Orthology and Phylogeny

1. Prepare software and data files

1.1 Install the software "figtree" on your laptop.

Go to the web site: https://github.com/rambaut/figtree/releases . Download the software file based on your system.

Windows users can download the file: FigTree.v1.4.4.zip, de-compress. To run the software, double click the file "figtree.jar" located inside the lib directory. (Double click "figtree.exe" might not work for some computers)

Mac users can download the file FigTree.v1.4.4.dmg. Double click to install.


1.2 Prepare the working directory on the Linux server.

The "cp -r" command would copy the whole directory of project3.

mkdir /workdir/$USER
cp -r /shared_data/alignment2020/project3 /workdir/$USER/
cd /workdir/$USER/project3


2. Construct the phylogeny using RAxML-ng

In this exercise, you will use RAxML-ng to build phylogenetic trees from two Multiple Sequence Alignment (MSA) files. "prim.phy" is a PHYLIP formatted file of a primate gene (DNA sequences). "leafy_align.fas" is a FASTA formatted file of a plant gene (protein sequences).

The raxml-ng is a tool with several different functions (Tutorial: https://www.preprints.org/manuscript/201905.0056/v1 ). We will use five of them in this exercise: "check", "search", "bootstrap", "evaluate" and "support". To run the "check" function, for example, you need to use the command "raxml-ng --check". Run "raxml-ng" without function name defaults to the "search" function.


2.1 Verify the format and data consistency of the input files

RAxML-NG can read MSA files in FASTA, PHYLIP and CATG formats.

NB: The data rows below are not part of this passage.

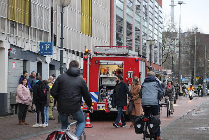 In de parkeergarage werd een auto aangetroffen waar rook vanaf kwam. Na een controle door de brandweer bleek van brand geen sprake. De garage was tijdelijk dicht voor bezoekers.
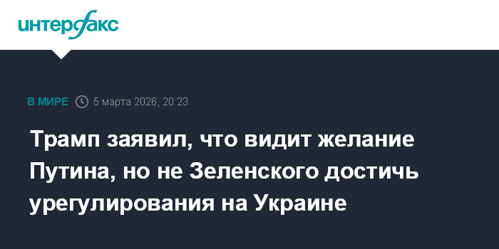Москва. 5 марта. INTERFAX.RU - Президент США Дональд Трамп в четверг заявил, что видит готовность президента России Владимира Путина достичь украинского урегулирования.
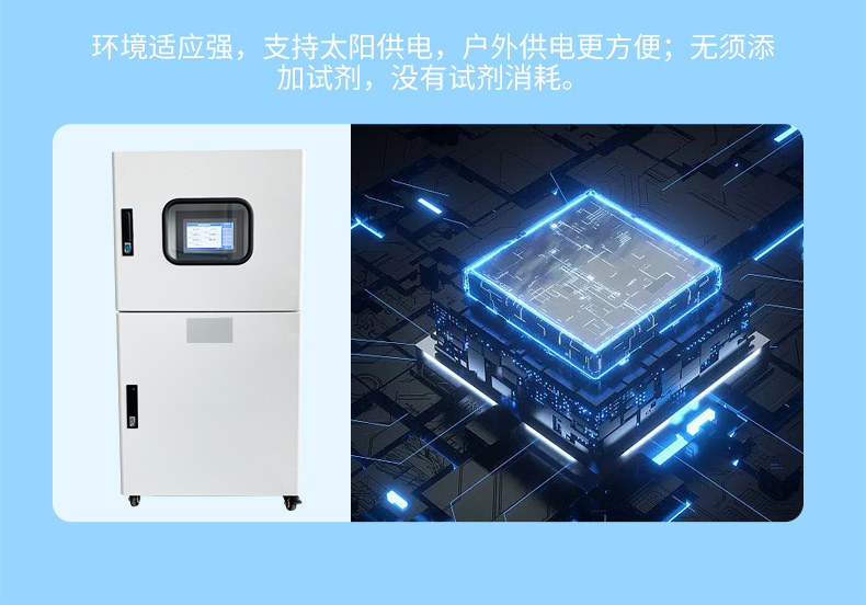 一套系统可测量多种水质参数,测量参数可选,精度高,重复性好,传感器可任意组合。安装简单易行,维护方便,无须添加试剂。没有试剂消耗不会产生二次污染、无废液,在一定范围内对电极进行温度补偿,多种输出方式可选(模拟量(4~20)mA,RS485,以太网口)
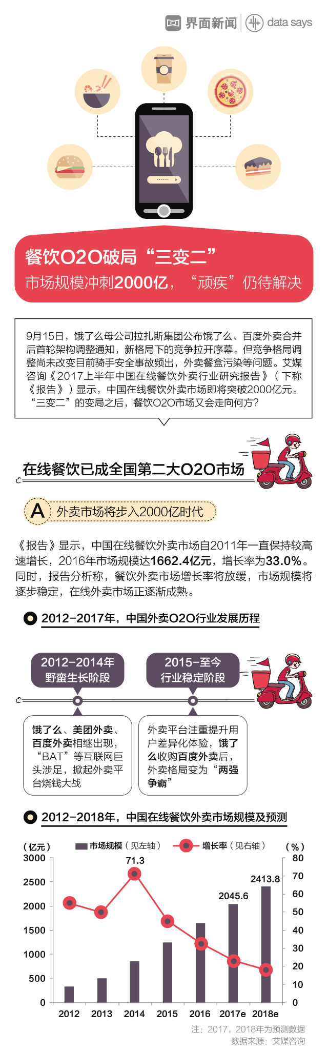 餐饮O2O市场规模冲刺2000亿,竞争格局“三变二”但行业顽疾尚未改善。
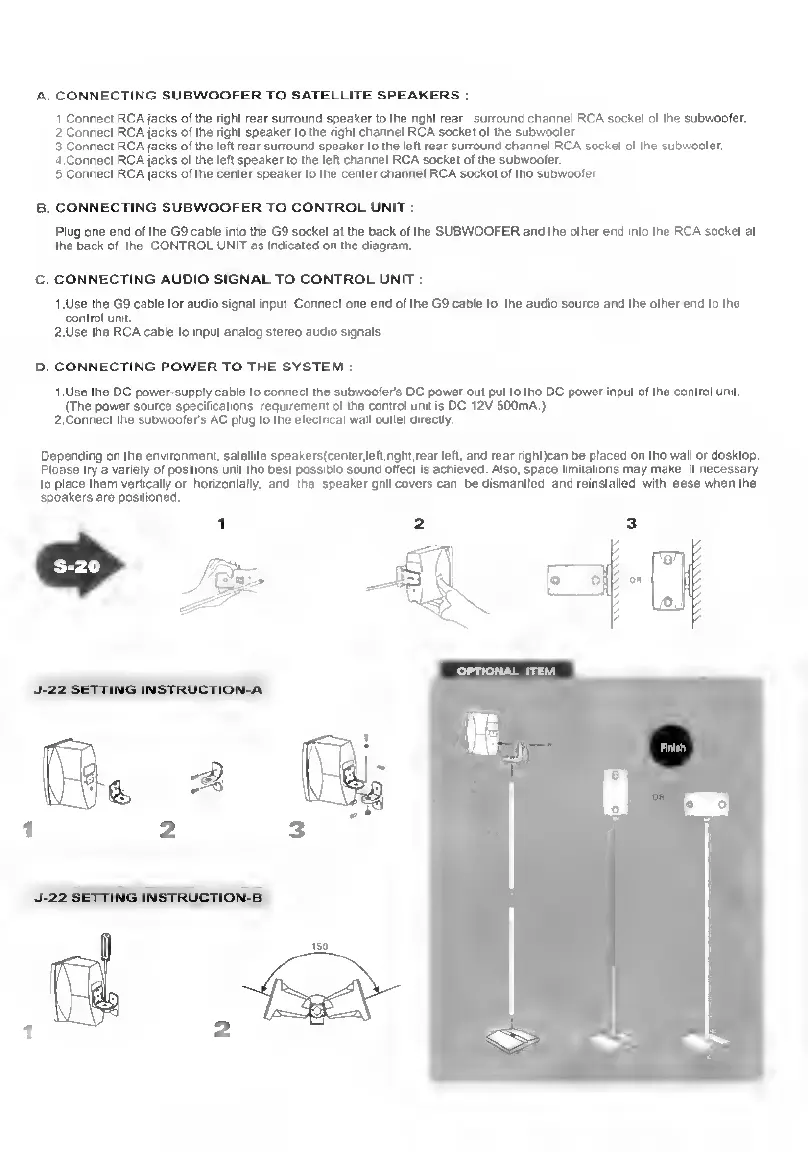 Kinyo R-565 - System Connection Procedures; Connecting Subwoofer to Satellite Speakers; Connecting Subwoofer to Control Unit; Connecting Audio Signal to Control Unit
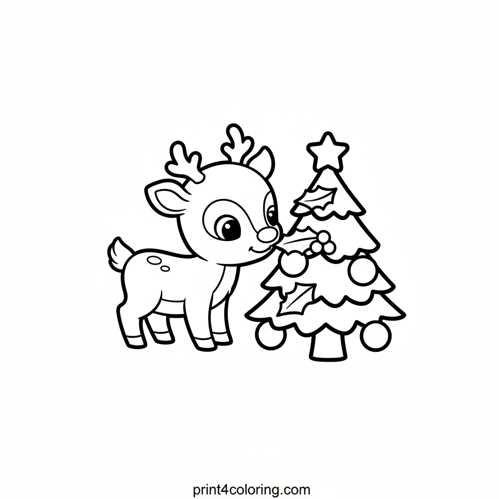 Baby Reindeer's Christmas Tree Sniff Coloring Page

The "check" function automatically detect and verify the file formats.

## add raxml-ng to the PATH
export PATH=/programs/raxml-ng_v1.0.1:$PATH

### verify the prim.phy file with DNA sequences
raxml-ng --check --msa prim.phy --model GTR+G 

### verify the leafy_align.fas file with protein sequences
raxml-ng --check --msa leafy_align.fas --model LG+G4

If you see the message "Alignment can be successfully read by RAxML-NG", your input files are ok.


2.2 Inferring ML trees

Run "raxml-ng search" and find the best ML tree.

raxml-ng --threads 2 --msa prim.phy --model GTR+G --prefix A1

Out of the 20 trees, the best tree is saved to a file "A1.raxml.bestTree".

There is a log file named "A1.raxml.log", with likelihoods of all 20 trees. Use "grep" to extract the 20 "logLikelihood" values.

grep "logLikelihood:" A1.raxml.log
grep "Final" A1.raxml.log

You should see output like:

[00:00:02] [worker #1] ML tree search #2, logLikelihood: -5708.924752 [00:00:02] [worker #0] ML tree search #1, logLikelihood: -5708.925657 [00:00:04] [worker #1] ML tree search #4, logLikelihood: -5708.933482 [00:00:05] [worker #0] ML tree search #3, logLikelihood: -5708.935278 [00:00:07] [worker #1] ML tree search #6, logLikelihood: -5708.939390 [00:00:07] [worker #0] ML tree search #5, logLikelihood: -5708.927252 [00:00:09] [worker #0] ML tree search #7, logLikelihood: -5708.948094 [00:00:09] [worker #1] ML tree search #8, logLikelihood: -5709.375515 [00:00:11] [worker #0] ML tree search #9, logLikelihood: -5709.364187 [00:00:12] [worker #1] ML tree search #10, logLikelihood: -5709.028093 [00:00:14] [worker #0] ML tree search #11, logLikelihood: -5709.017239 [00:00:14] [worker #1] ML tree search #12, logLikelihood: -5709.025309 [00:00:16] [worker #0] ML tree search #13, logLikelihood: -5709.020900 [00:00:16] [worker #1] ML tree search #14, logLikelihood: -5709.012512 [00:00:18] [worker #0] ML tree search #15, logLikelihood: -5709.019845 [00:00:18] [worker #1] ML tree search #16, logLikelihood: -5709.015344 [00:00:20] [worker #0] ML tree search #17, logLikelihood: -5709.034675 [00:00:20] [worker #1] ML tree search #18, logLikelihood: -5709.015198 [00:00:21] [worker #0] ML tree search #19, logLikelihood: -5709.015413 [00:00:22] [worker #1] ML tree search #20, logLikelihood: -5709.043286

Final LogLikelihood: -5708.924752


The final LogLikelihood might be slightly different between different runs. That is because the starting tree used by "search" function is randomly selected. If you fix the random number seed in the command, e.g. "--seed 2". You would get same score between runs.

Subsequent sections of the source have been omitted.